## [Provided records]
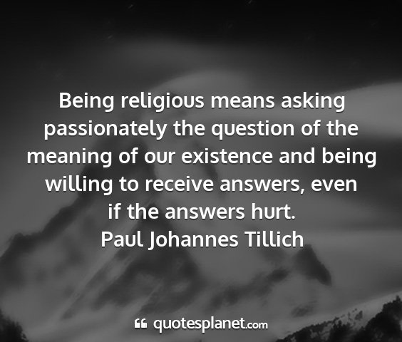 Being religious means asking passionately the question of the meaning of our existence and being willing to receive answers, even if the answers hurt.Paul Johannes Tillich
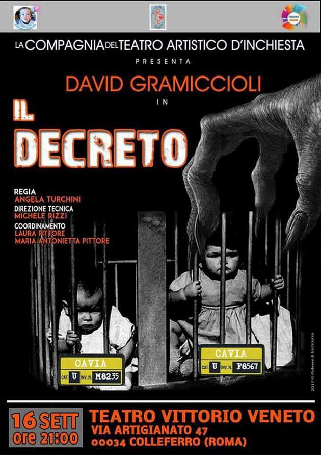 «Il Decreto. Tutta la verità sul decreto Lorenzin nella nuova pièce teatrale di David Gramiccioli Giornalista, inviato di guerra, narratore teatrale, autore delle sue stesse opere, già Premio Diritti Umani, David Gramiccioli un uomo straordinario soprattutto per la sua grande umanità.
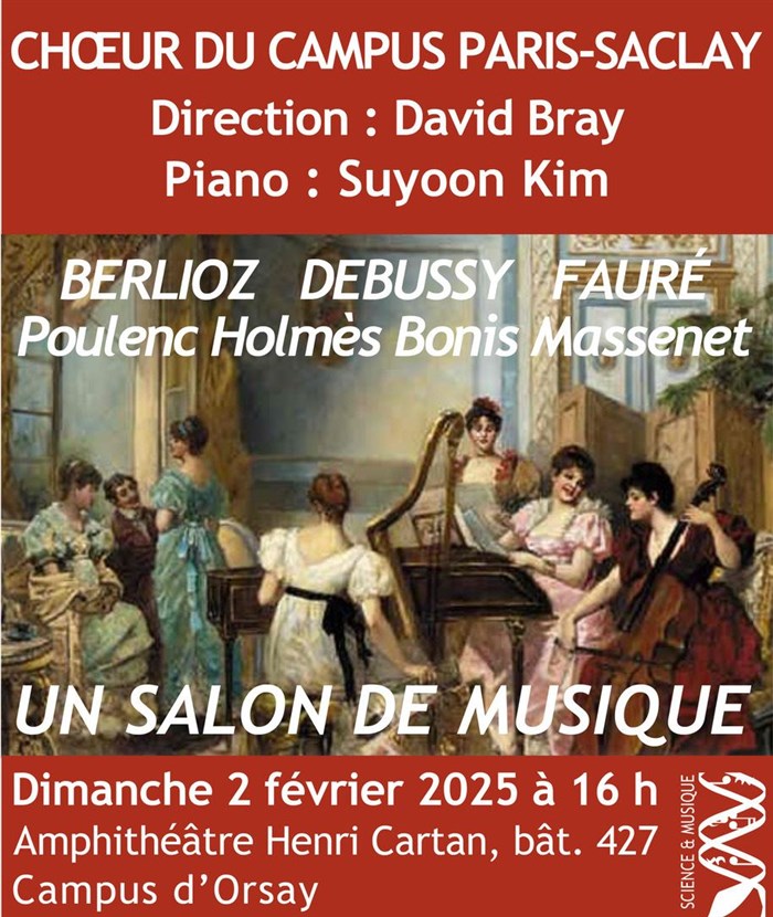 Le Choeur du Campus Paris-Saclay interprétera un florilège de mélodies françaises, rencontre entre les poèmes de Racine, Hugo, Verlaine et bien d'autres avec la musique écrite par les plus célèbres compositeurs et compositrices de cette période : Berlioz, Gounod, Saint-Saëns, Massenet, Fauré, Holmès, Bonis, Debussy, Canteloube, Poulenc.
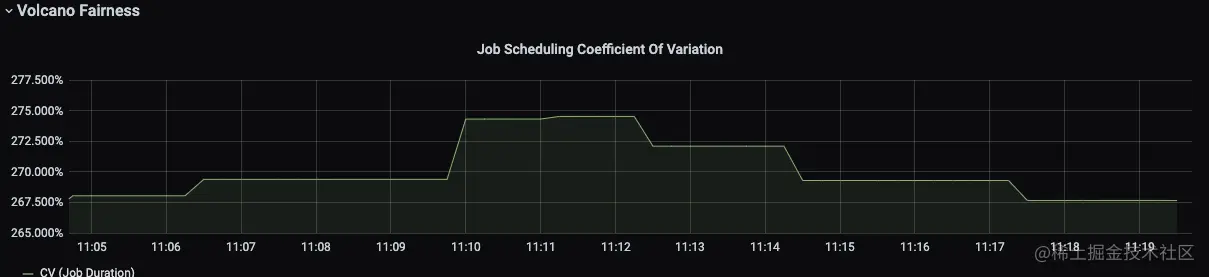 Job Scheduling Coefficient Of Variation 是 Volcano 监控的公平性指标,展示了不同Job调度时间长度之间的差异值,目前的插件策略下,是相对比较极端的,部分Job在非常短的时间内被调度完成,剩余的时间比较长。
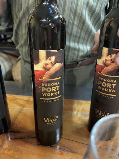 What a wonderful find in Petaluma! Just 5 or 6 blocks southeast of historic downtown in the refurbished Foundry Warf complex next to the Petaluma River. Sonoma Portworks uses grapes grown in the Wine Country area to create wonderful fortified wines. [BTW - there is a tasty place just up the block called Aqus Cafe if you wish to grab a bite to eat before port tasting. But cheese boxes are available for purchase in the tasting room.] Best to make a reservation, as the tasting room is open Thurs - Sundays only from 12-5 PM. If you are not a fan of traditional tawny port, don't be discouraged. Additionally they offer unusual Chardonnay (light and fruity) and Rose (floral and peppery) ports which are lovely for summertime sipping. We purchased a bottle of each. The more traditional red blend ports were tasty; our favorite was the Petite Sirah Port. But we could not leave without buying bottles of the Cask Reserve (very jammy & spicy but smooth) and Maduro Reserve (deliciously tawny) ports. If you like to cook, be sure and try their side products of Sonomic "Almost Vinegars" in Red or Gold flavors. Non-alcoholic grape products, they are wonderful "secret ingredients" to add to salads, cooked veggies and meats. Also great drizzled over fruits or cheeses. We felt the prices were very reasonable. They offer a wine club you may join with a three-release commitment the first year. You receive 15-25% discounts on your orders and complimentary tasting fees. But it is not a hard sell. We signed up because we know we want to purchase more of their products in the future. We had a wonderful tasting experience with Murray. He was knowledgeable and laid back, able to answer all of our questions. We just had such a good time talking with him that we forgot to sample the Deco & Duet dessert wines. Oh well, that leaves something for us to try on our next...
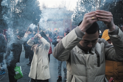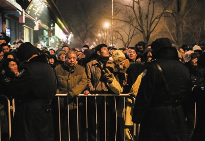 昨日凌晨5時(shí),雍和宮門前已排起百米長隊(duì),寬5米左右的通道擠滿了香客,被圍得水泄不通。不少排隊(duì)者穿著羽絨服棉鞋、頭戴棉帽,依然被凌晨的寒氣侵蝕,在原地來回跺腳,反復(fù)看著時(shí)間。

## [Description of the task]
Extract the full listing exactly, with the pictures left out.

## [Response to this exercise]
 Being religious means asking passionately the question of the meaning of our existence and being willing to receive answers, even if the answers hurt.Paul Johannes Tillich
 «Il Decreto. Tutta la verità sul decreto Lorenzin nella nuova pièce teatrale di David Gramiccioli Giornalista, inviato di guerra, narratore teatrale, autore delle sue stesse opere, già Premio Diritti Umani, David Gramiccioli un uomo straordinario soprattutto per la sua grande umanità.
 Le Choeur du Campus Paris-Saclay interprétera un florilège de mélodies françaises, rencontre entre les poèmes de Racine, Hugo, Verlaine et bien d'autres avec la musique écrite par les plus célèbres compositeurs et compositrices de cette période : Berlioz, Gounod, Saint-Saëns, Massenet, Fauré, Holmès, Bonis, Debussy, Canteloube, Poulenc.
 Job Scheduling Coefficient Of Variation 是 Volcano 监控的公平性指标,展示了不同Job调度时间长度之间的差异值,目前的插件策略下,是相对比较极端的,部分Job在非常短的时间内被调度完成,剩余的时间比较长。
 What a wonderful find in Petaluma! Just 5 or 6 blocks southeast of historic downtown in the refurbished Foundry Warf complex next to the Petaluma River. Sonoma Portworks uses grapes grown in the Wine Country area to create wonderful fortified wines. [BTW - there is a tasty place just up the block called Aqus Cafe if you wish to grab a bite to eat before port tasting. But cheese boxes are available for purchase in the tasting room.] Best to make a reservation, as the tasting room is open Thurs - Sundays only from 12-5 PM. If you are not a fan of traditional tawny port, don't be discouraged. Additionally they offer unusual Chardonnay (light and fruity) and Rose (floral and peppery) ports which are lovely for summertime sipping. We purchased a bottle of each. The more traditional red blend ports were tasty; our favorite was the Petite Sirah Port. But we could not leave without buying bottles of the Cask Reserve (very jammy & spicy but smooth) and Maduro Reserve (deliciously tawny) ports. If you like to cook, be sure and try their side products of Sonomic "Almost Vinegars" in Red or Gold flavors. Non-alcoholic grape products, they are wonderful "secret ingredients" to add to salads, cooked veggies and meats. Also great drizzled over fruits or cheeses. We felt the prices were very reasonable. They offer a wine club you may join with a three-release commitment the first year. You receive 15-25% discounts on your orders and complimentary tasting fees. But it is not a hard sell. We signed up because we know we want to purchase more of their products in the future. We had a wonderful tasting experience with Murray. He was knowledgeable and laid back, able to answer all of our questions. We just had such a good time talking with him that we forgot to sample the Deco & Duet dessert wines. Oh well, that leaves something for us to try on our next...
 昨日凌晨5時(shí),雍和宮門前已排起百米長隊(duì),寬5米左右的通道擠滿了香客,被圍得水泄不通。不少排隊(duì)者穿著羽絨服棉鞋、頭戴棉帽,依然被凌晨的寒氣侵蝕,在原地來回跺腳,反復(fù)看著時(shí)間。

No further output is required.